In Lae, the city was shaken for about a minute. Buildings at Top Town shook and coconut palms swayed.
The quake, originally rated as 7.3-magnitude, wrecked displays at Lae’s Foodmart shop and caused some damage to the ceiling, but “touch wood, nothing serious”, manager Albert Martinez told Reu­ters news agency.
Dolly Kinibo, a receptionist at the Lae International Hotel, told the agency it was “very big”.
“It lasted for two to three minutes. The whole building moved. The Christmas tree moved, we all moved, people are very shaken.
“There are no reports of injuries or damage, but our managers are checking,” she said.
“It was a weird waltz.
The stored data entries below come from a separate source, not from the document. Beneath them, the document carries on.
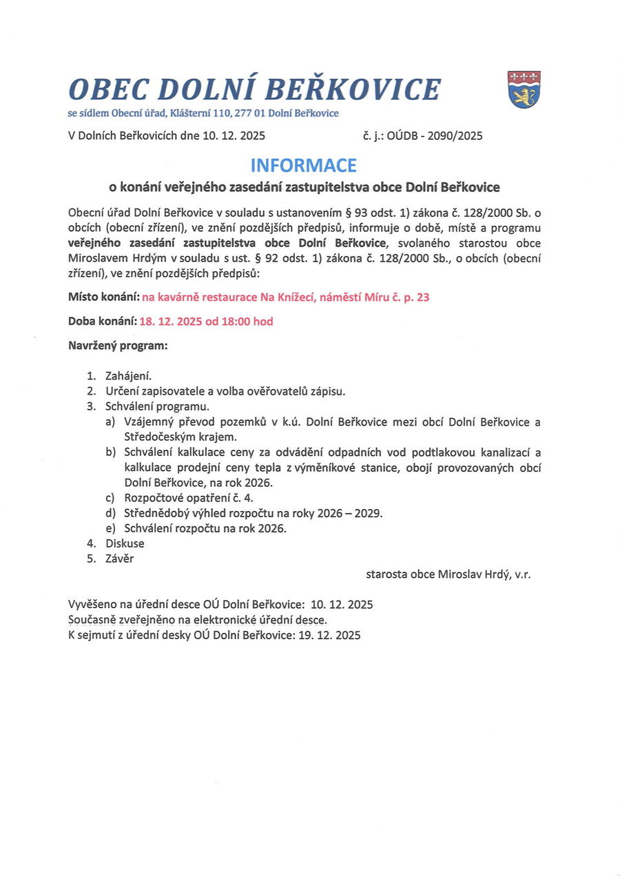 Úvod > Informace > Aktuality > Informace o konání veřejného zasedání zastupitelstva obce dne 18.12.2025.
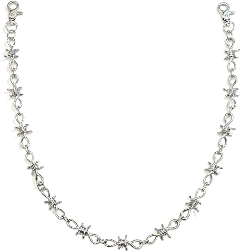 ウォレットチェーン トゲトゲ 有刺鉄線 メンズ シルバー(シルバー, Free)
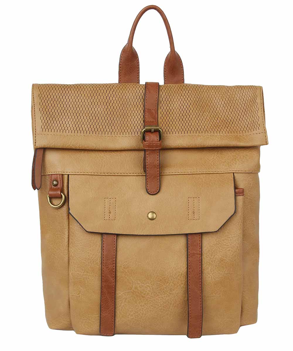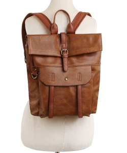 Fashion Buckle Flap Backpack CJF080 COGNAC
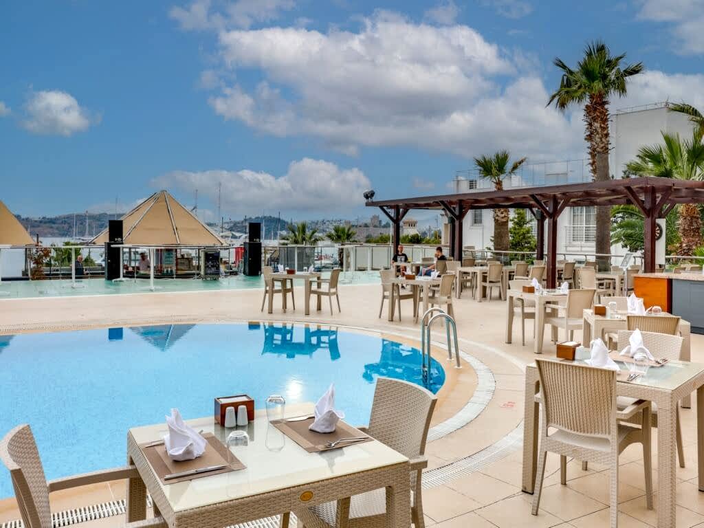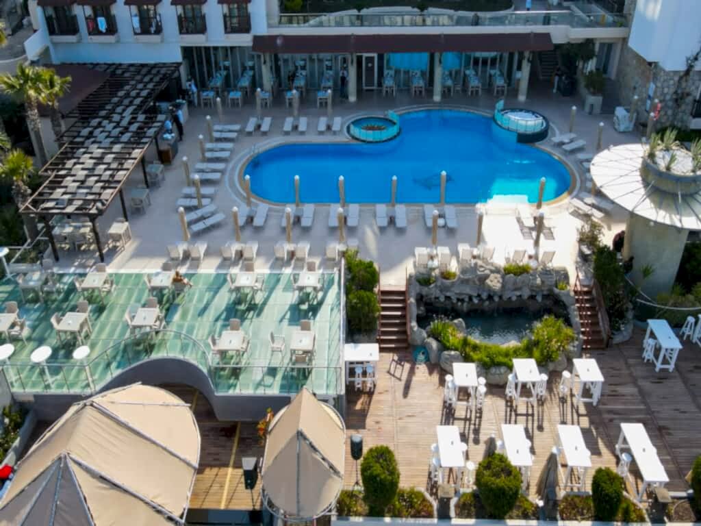 Denize sıfır konumdaki tesisimizde, 100m uzunluğunda kum-çakıl karışımı özel plajımız bulunmaktadır. Havuzda ve plajda şezlong, şemsiye ve minder ücretsiz olarak temin edilmekte olup; havlular, havlu kartı ile havuz başındaki standtan temin edilmektedir.
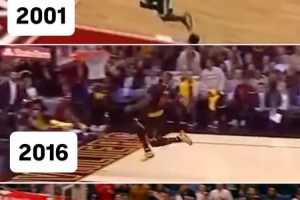 詹姆斯转发了媒体发布的他分别在2001年、2016年及2026年完成招牌式抢断后大风车扣篮的对比画面。
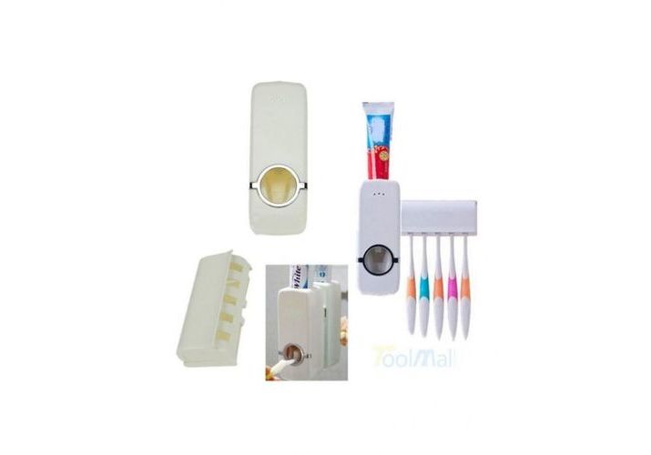 Distributeur de dentifrice automatique & support pour brosses à dents (Peut contenir jusqu'à 5 brosses). Maintient votre salle de bain propre et bien rangée et est compatible avec toutes les marques de dentifrice.
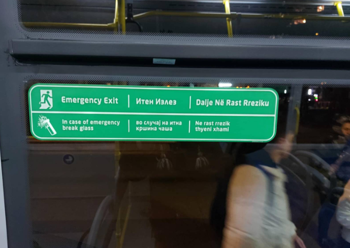 Автобусите пристигнаа со налепници на македонски и албански јазик, но со несоодветни преводи, што предизвика потсмешливи реакции кај граѓаните. На пример, наместо „во случај на итна ситуација, скршете го стаклото“, една од пораките звучеше како упатство за кршење чаша.
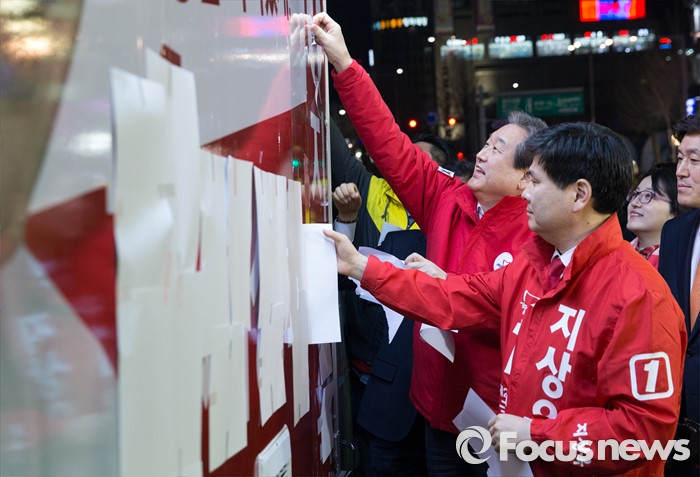 (서울=포커스뉴스) 4.13총선 공식선거운동 첫날인 31일 오전 서울 중구 동대문 누죤 앞에서 김무성 새누리당 공동선대위원장이 지상욱 서울 중구성동구을 후보와 선거유세차량 가림막을 제거하고 있다.

And the earth I was standing on moved like a liquid stage,” a young woman, Angal Jalamu said. “I went dizzy.”
Although the sea in the Huon Gulf looked like it had ebbed raising fears of a tsunami, seashore residents at Voco Point calmed when they searched the internet for warnings and found none.
Lay and clergymen at Ampo Lutheran church headquarters, where more than 20 members of the church council were meeting to finalise agendas for the synod in Goroka in January, ran out of the building.
The earthquake was also felt in Bougainville, Goroka and Mt Hagen.
The geophysical observatory said the earthquake occurred as a result of the convergent motions of the Solomons and Australian plates.
Clive Collins, a seismologist for Geoscience Australia, told AFP the quake was unlikely to trigger a tsunami.
“That’s the assessment on the basis that it’s about 20km inshore and also it’s about 120km deep and that’s too deep really to cause any tsunami problems.”
But he said landslides could be a problem in the mountainous area.
Residents of Wau, about 20km from the epicentre, told AFP news agency that buildings and the ground had shaken, but there was no major destruction evident.
Papua New Guinea sits atop the seismically active “Pacific Ring of Fire”.